The SEC filed this civil enforcement action in the District Court on March 13, 1998 alleging violations of the registration and antifraud provisions of the federal securities laws. Defendants included the alleged ringleaders of the scheme (Cavanagh, Nicolois, and USM), as well as members of Curbstone management whose negligence was essential to the scheme’s success (Chachas, Brooksbank, Hantges, and Franklin), and several “relief defendants,”7 principally recipients of gratuitous EOSC stock. The SEC sought disgorgement of the EOSC stock in question and all proceeds from sales of that stock.8 On the SEC’s motion, the District Court entered a preliminary injunction on April 20, 1998 prohibiting further trading of EOSC stock, enjoining defendants from future violations of federal securities laws, and freezing the assets of defendants and relief defendants to the extent of their profits from trading in EOSC stock. See Cavanagh I, 1 F.Supp.2d at 386-87. We affirmed the preliminary injunction on appeal. Cavanagh II, 155 F.3d at 131. Thereafter the SEC moved for summary judgment. In a comprehensive opinion dated July 15, 2004, the District Court granted the SEC’s motion. Cavanagh III, 2004 WL 1594818, at *1.

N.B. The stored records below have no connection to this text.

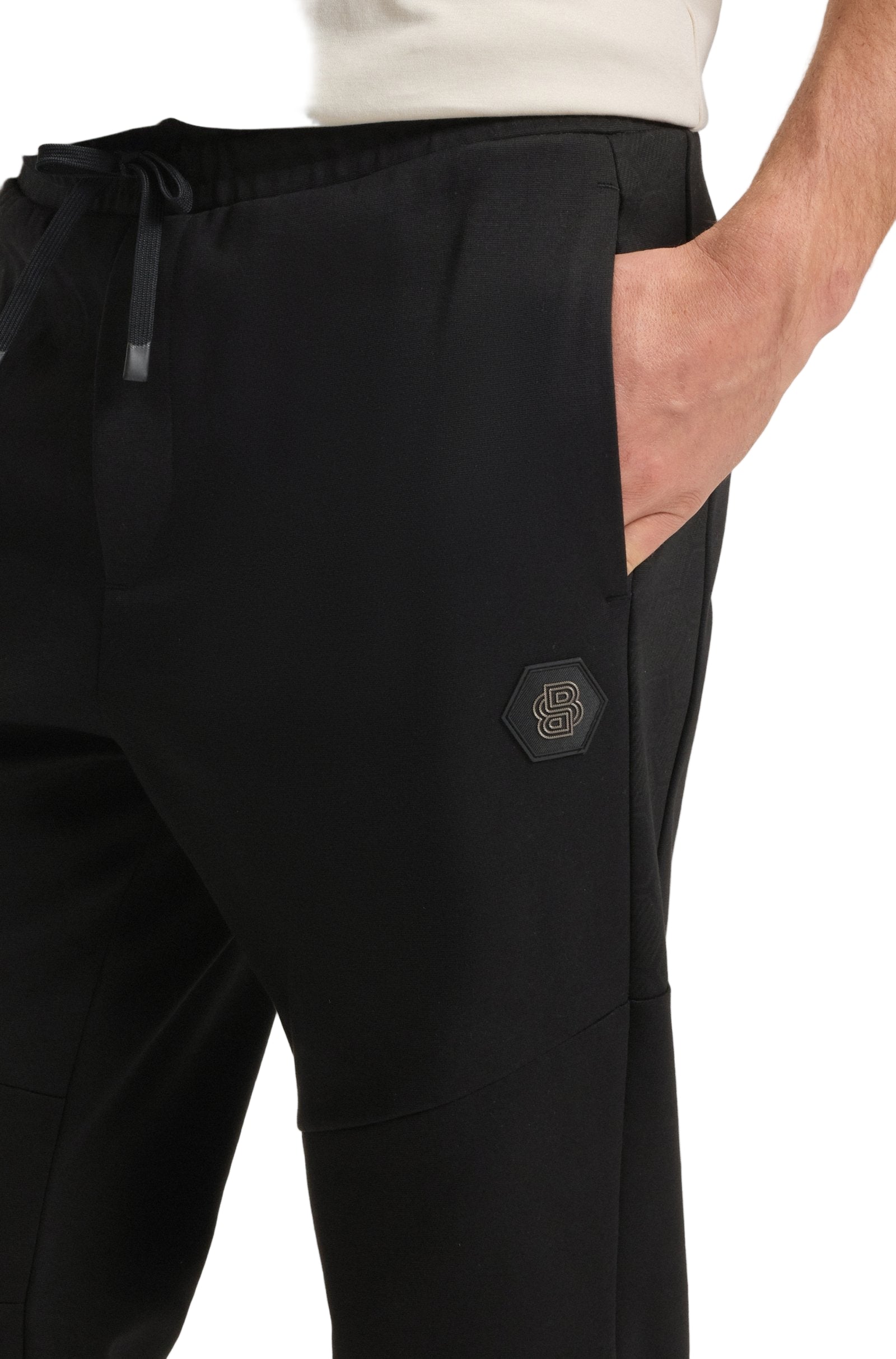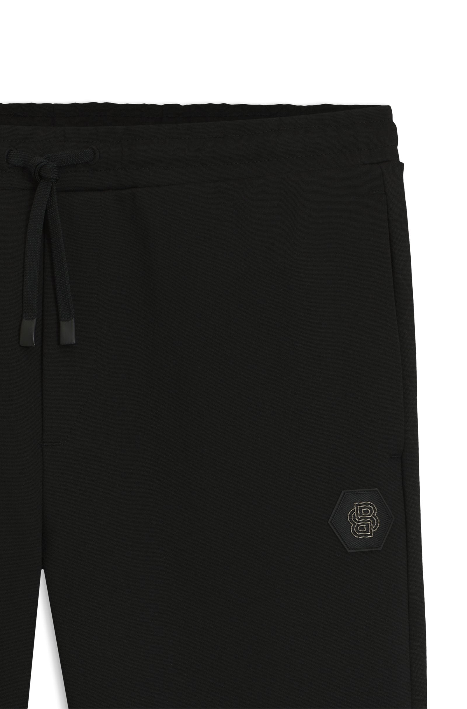 Style: Boss Athleisure men's tapered bottoms, complete with patterned panels at the sides and a double B monogram logo by the pocket.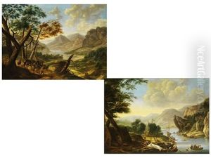 Blick Von Einer Gebirgigen Anhohe Ins Tal Mit Flusslauf (+ Flusslauf Mit Kahnen In Felsiger Gegend; Pair)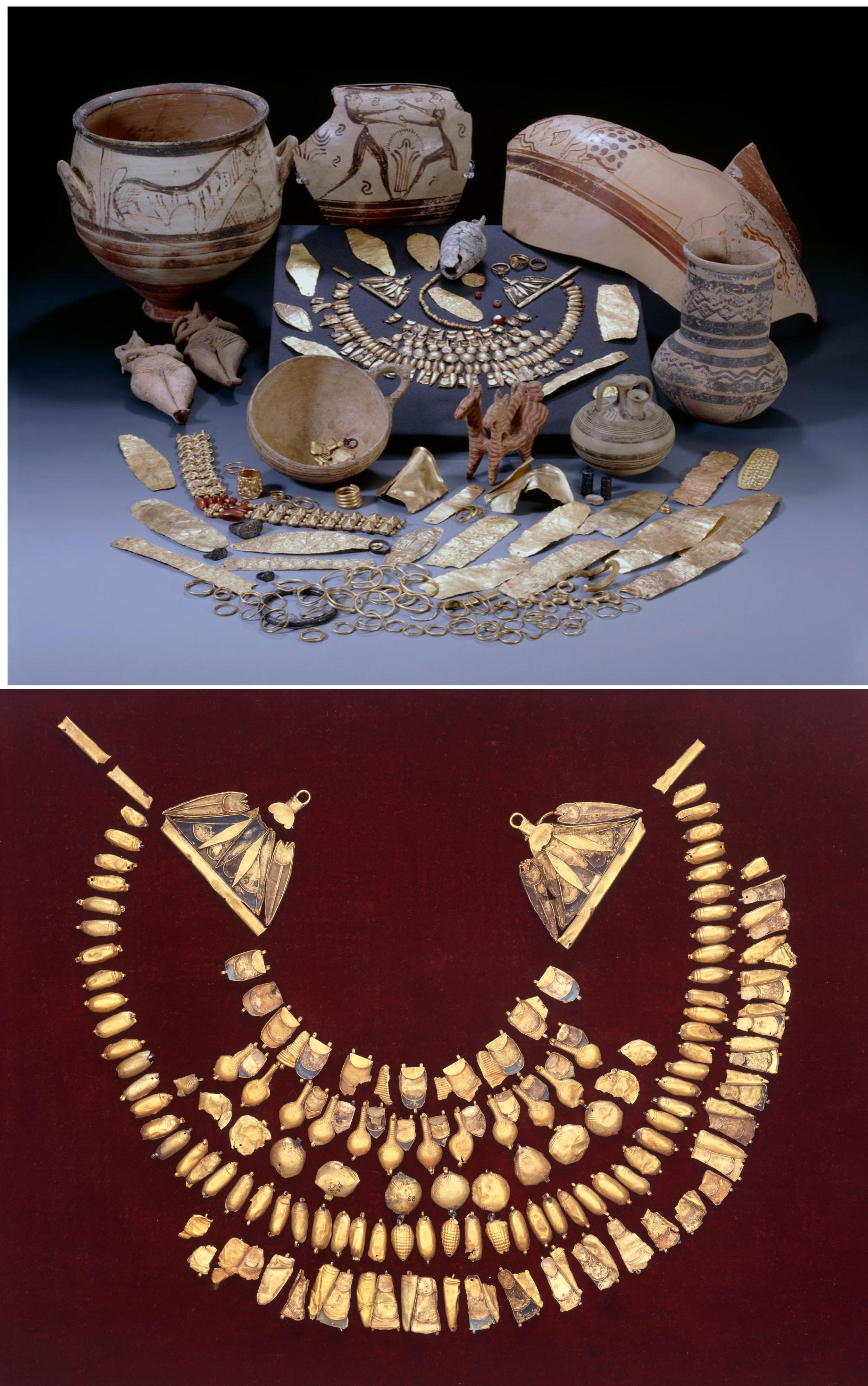 The burial assemblage of Enkomi Tomb 93, from Cyprus and now housed at British Museum. The tomb contained the wealthiest grave goods from the archaeological site of Enkomi, totaling approximately 1,430 grams of gold, including a gold pectoral made in Egypt in 1400-1100 BCE [2500×3992]

The District Court found that Cavanagh, Nicolois, and USM violated antifraud and registration requirements of securities laws — namely Sections 5(a), 5(c), and 17(a) of the Securities Act of 1933 (“1933 Act”), 15 U.S.C. §§ 77e(a), e(c), q(a), and Section 10(b) of the Securities Exchange Act of 1934,15 U.S.C. § 78j(b) — and permanently enjoined them from further violations.